-- Available data follows --

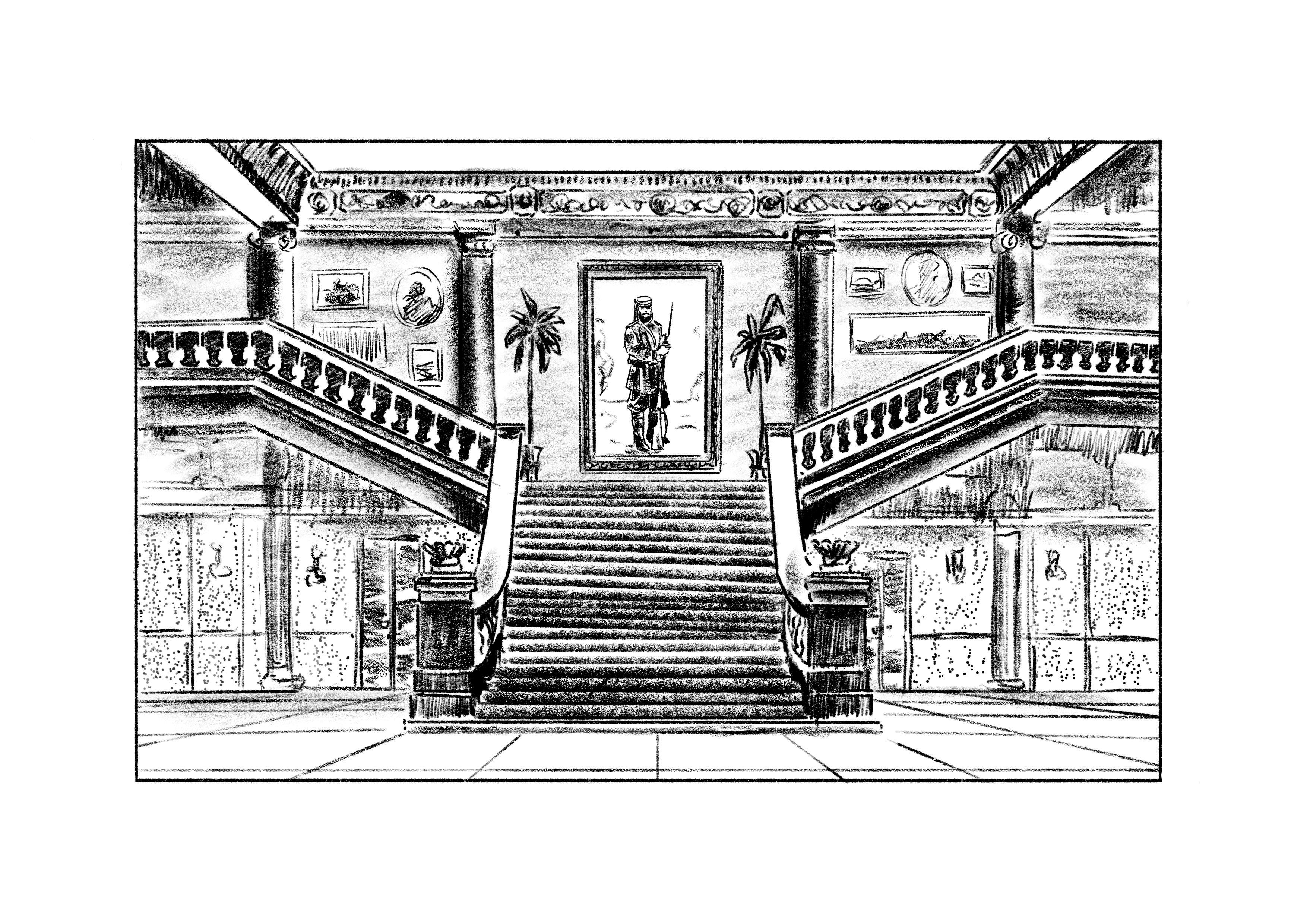 Прямо перед кадетами начиналась широкая мраморная лестница, самому Зимнему дворцу впору; она достигала протяжённой площадки первого этажа, разделяясь на два ведущих ещё выше марша, вправо и влево, к широким балконам второго яруса.
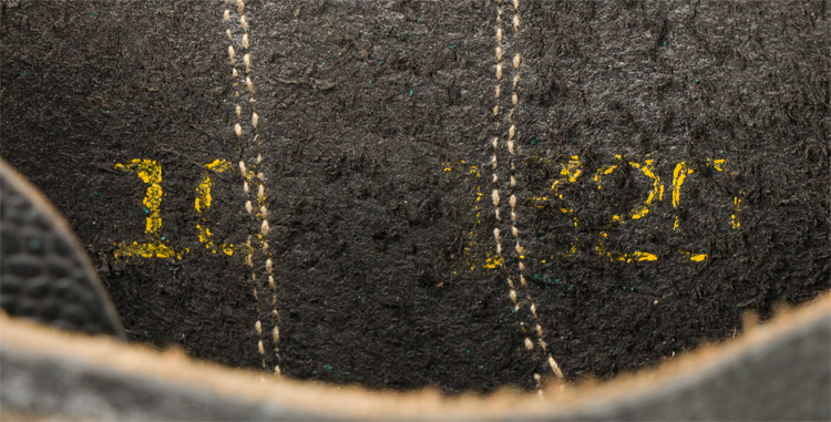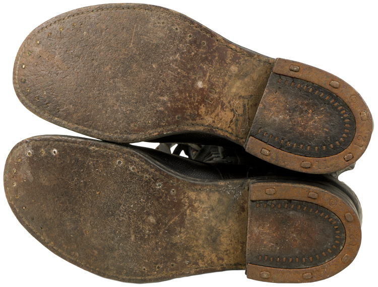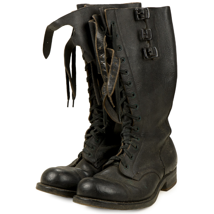 A pair of black leather boots constructed from pebble-grained leather with a 34cm long boot shaft, fourteen pair of metal grommet and a triple buckle built in "gaiter." Heel plates are intact, but the toe plates have been removed. There appears to be a size marking of "10" to the interior of each boot. Laces included.
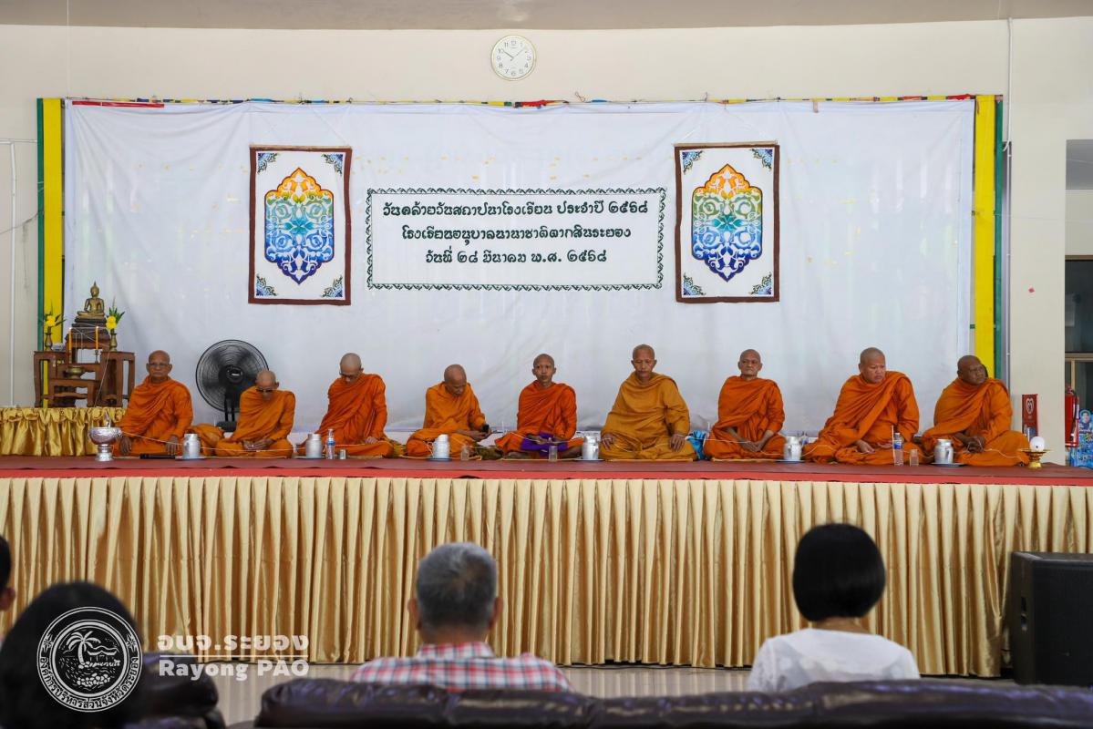 วันที่ 28 มีนาคม 2568 เวลา 09.30 น. นายสมศักดิ์ เกตุสาคร เลขานุการนายกองค์การบริหารส่วนจังหวัดระยอง พร้อมด้วยนายสนิท โคตะระ ผู้อำนวยการโรงเรียนอนุบาลนานาชาติตากสินระยอง ผู้อำนวยการโรงเรียนในสังกัดอบจ.ระยอง คณะครู และเจ้าหน้าที่ที่เกี่ยวข้อง เข้าร่วมงานทำบุญวันคล้ายวันสถาปนาโรงเรียน ประจำปี 2568 ของโรงเรียนอนุบาลนานาชาติตากสินระยอง โดยมีพิธีสงฆ์ เจริญพระพุทธมนต์ ถวายเพลแด่พระสงฆ์ จำนวน 9 รูป ณ อาคารตากสิน 4 (เวทีคนเก่ง) โรงเรียนอนุบาลนานาชาติระยอง
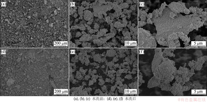 图4所示为水洗前后飞灰的SEM图。观察图4可以发现:水洗后的飞灰与未洗的飞灰微观形貌不同,水洗后飞灰中的小颗粒减少,絮状体减少,颗粒表面光滑,颗粒的轮廓清晰,一些易溶解的物质可能被清除。这也说明了水洗过程去掉了大量的水溶性氯化物(如NaCl,CaCl2和KCl等),导致其他物质被浓缩而含量增高。张玲等[14]研究表明水洗过程对飞灰中Cl,Na,K和Ca元素具有一定的去除效果,尤其是Cl元素的去除率在液固比为10 L/kg时可达到60%,KC1和NaC1是水洗过程中K,Na和Cl元素的主要去除形态,本次研究与此结论比较吻合。

-- Available data concluded --

What the task requires: The whole listing is to be retyped exactly, with its pictures removed.

Written response:
 Прямо перед кадетами начиналась широкая мраморная лестница, самому Зимнему дворцу впору; она достигала протяжённой площадки первого этажа, разделяясь на два ведущих ещё выше марша, вправо и влево, к широким балконам второго яруса.
 A pair of black leather boots constructed from pebble-grained leather with a 34cm long boot shaft, fourteen pair of metal grommet and a triple buckle built in "gaiter." Heel plates are intact, but the toe plates have been removed. There appears to be a size marking of "10" to the interior of each boot. Laces included.
 วันที่ 28 มีนาคม 2568 เวลา 09.30 น. นายสมศักดิ์ เกตุสาคร เลขานุการนายกองค์การบริหารส่วนจังหวัดระยอง พร้อมด้วยนายสนิท โคตะระ ผู้อำนวยการโรงเรียนอนุบาลนานาชาติตากสินระยอง ผู้อำนวยการโรงเรียนในสังกัดอบจ.ระยอง คณะครู และเจ้าหน้าที่ที่เกี่ยวข้อง เข้าร่วมงานทำบุญวันคล้ายวันสถาปนาโรงเรียน ประจำปี 2568 ของโรงเรียนอนุบาลนานาชาติตากสินระยอง โดยมีพิธีสงฆ์ เจริญพระพุทธมนต์ ถวายเพลแด่พระสงฆ์ จำนวน 9 รูป ณ อาคารตากสิน 4 (เวทีคนเก่ง) โรงเรียนอนุบาลนานาชาติระยอง
 图4所示为水洗前后飞灰的SEM图。观察图4可以发现:水洗后的飞灰与未洗的飞灰微观形貌不同,水洗后飞灰中的小颗粒减少,絮状体减少,颗粒表面光滑,颗粒的轮廓清晰,一些易溶解的物质可能被清除。这也说明了水洗过程去掉了大量的水溶性氯化物(如NaCl,CaCl2和KCl等),导致其他物质被浓缩而含量增高。张玲等[14]研究表明水洗过程对飞灰中Cl,Na,K和Ca元素具有一定的去除效果,尤其是Cl元素的去除率在液固比为10 L/kg时可达到60%,KC1和NaC1是水洗过程中K,Na和Cl元素的主要去除形态,本次研究与此结论比较吻合。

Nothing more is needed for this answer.